Wann hilft eigentlich beten? Und wie hilft beten? Eine Frage, die sich jedes Jahr zum 5. Sonntag nach Ostern stellt. Denn er trägt den Namen Rogate, das heißt: betet. 
Historisch kommt diese Ausrichtung aufs Beten am 5. Sonntag nach Ostern aus den Bittprozessionen, die nach den Eisheiligen in den Tagen vor Himmelfahrt durch die Felder zogen, um für eine gute Ernte zu bitten. Etwas, das uns heute fremd geworden ist. Denn für gute Ernten sind Dünger und Pflanzenschutzmittel, Bewässerung und hochgezüchtetes Saatgut verantwortlich. Und wenn es ganz schlimm kommt, gibt es immer noch eine Ernteausfallversicherung. Da braucht es keine Bittprozessionen mehr.

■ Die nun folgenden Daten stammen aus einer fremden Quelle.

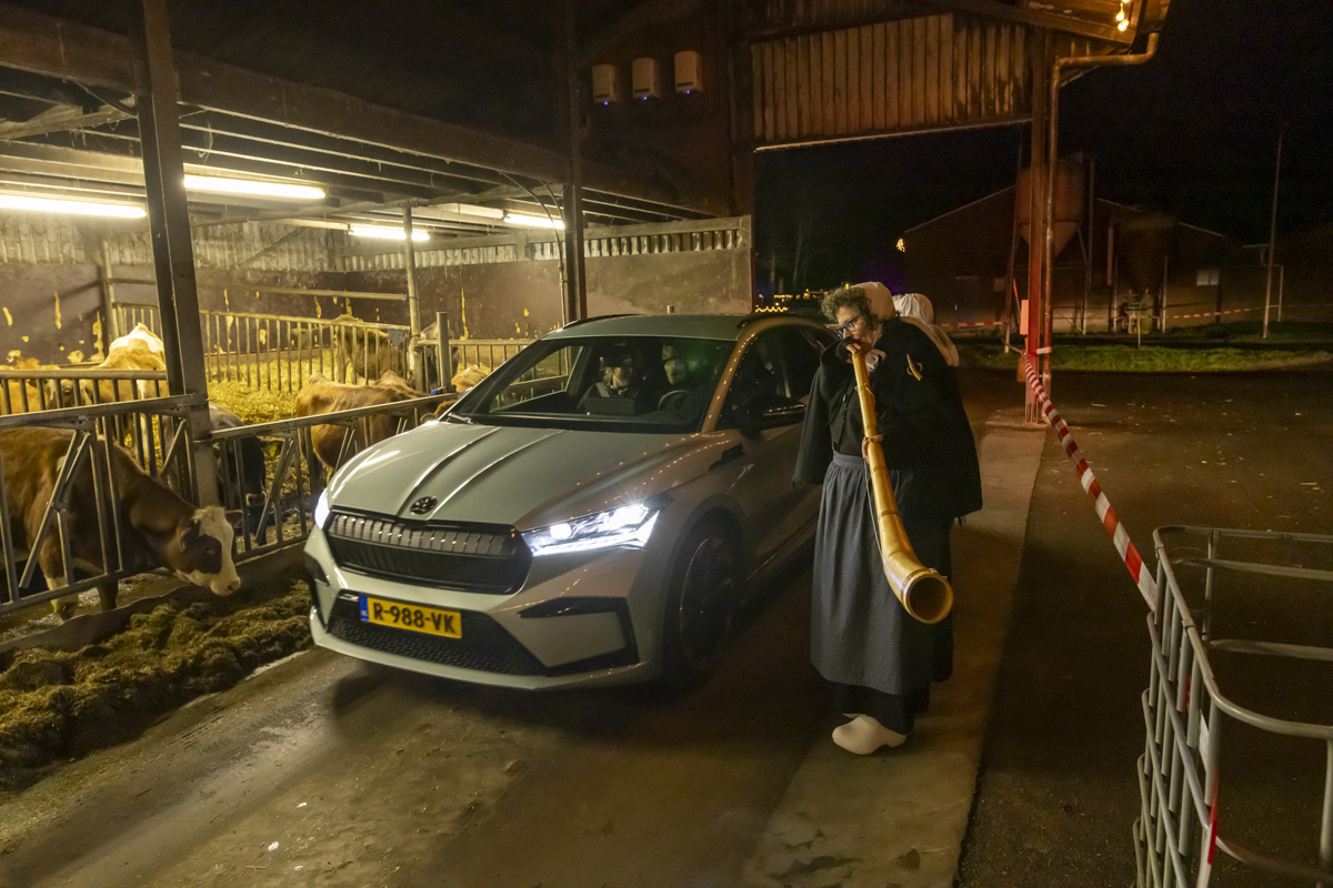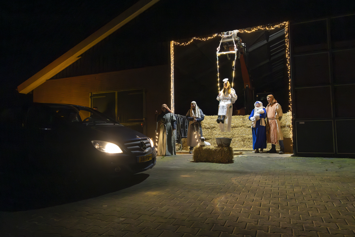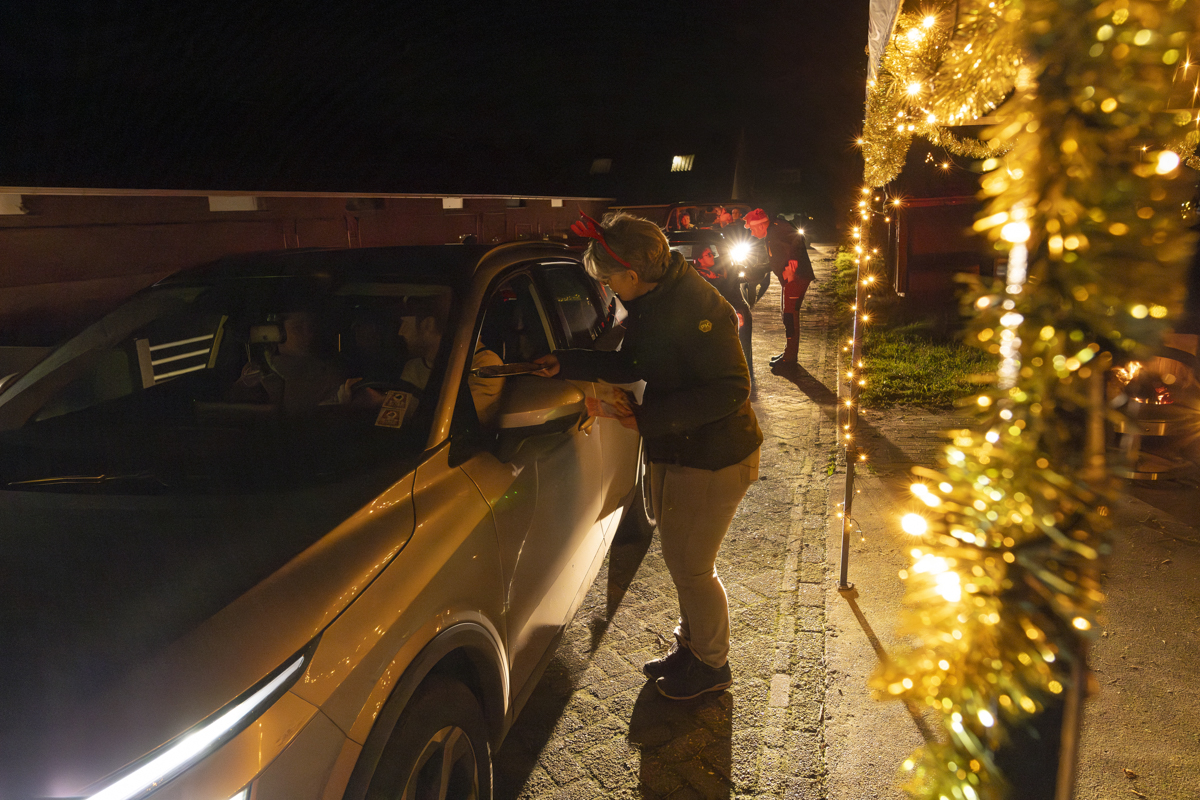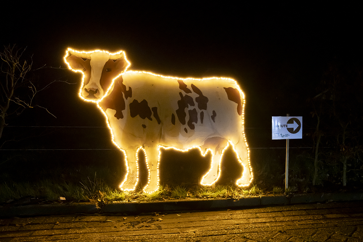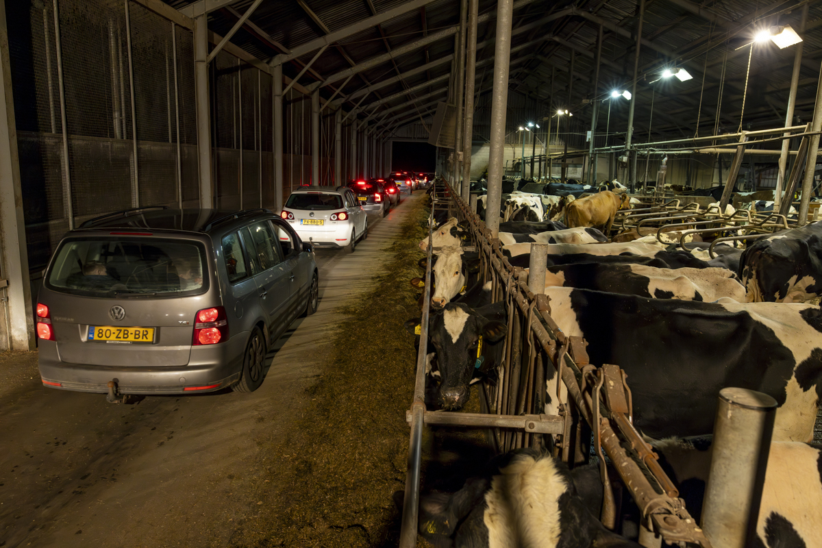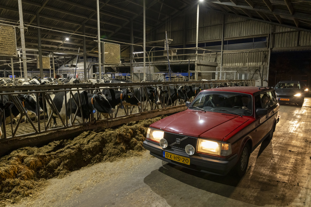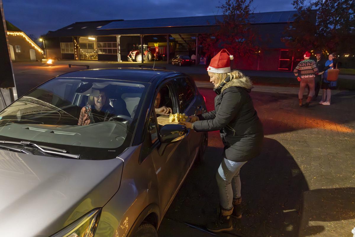 Zo’n 600 auto’s reden over kleine weggetjes en kavelpaden dwars door koeienstallen heen, langs woningen en over boerenerven in kerstsfeer.

Und dieses Jahr, in Zeiten von Corona? Da helfen wissenschaftliche Studien zur Ausbreitung des Virus. Da setzen alle ihre Hoffnung auf einen Impfstoff, entwickelt in High-Tech-Laboren. Kaum einer kommt auf die Idee, Bittprozessionen oder eigene Bittgottesdienste abzuhalten. Fällt Beten aus der Zeit? Ein Relikt aus einer vormodernen Welt, in der Menschen nicht verstanden, wie die Welt funktioniert und sich deshalb in ihrer Ohnmacht an Gott wandten. Und kommen wir deshalb nur noch dann zum Beten, wenn wir selbst an einem solchen Punkt der Ohnmacht sind, wenn unsere Handlungsmöglichkeiten am Ende sind?

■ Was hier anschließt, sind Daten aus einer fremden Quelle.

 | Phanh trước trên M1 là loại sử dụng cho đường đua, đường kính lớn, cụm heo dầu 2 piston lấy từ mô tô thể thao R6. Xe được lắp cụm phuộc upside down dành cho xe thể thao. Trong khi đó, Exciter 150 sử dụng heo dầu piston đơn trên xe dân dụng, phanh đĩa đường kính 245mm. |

Beten ist mehr als eine Methode, um für eine gute Ernte, den glücklichen Ausgang einer Entwicklung oder die Abwendung eines Unheils zu sorgen. Bevor Beten die Welt verändert, verändert es uns selbst.

Im Gebet aller Gebete, im Vater unser – übrigens Predigttext in diesem Jahr am Sonntag Rogate – beten wir: „Dein Wille geschehe“ (Mt.6,10). Wir beten nicht: „Gott, erfülle unsere Wünsche“, sondern eben: „Dein Wille geschehe“. In einer der wenigen Szenen im Neuen Testament, in der wir Jesus selbst beten hören, in jener Nacht vor seiner Gefangennahme, in der Jesus vor Angst fast vergeht, wird dieses Gebet noch einmal weitergeführt, geradezu radikalisiert: „Nicht mein, sondern dein Wille geschehe.“ (Luk.22,42).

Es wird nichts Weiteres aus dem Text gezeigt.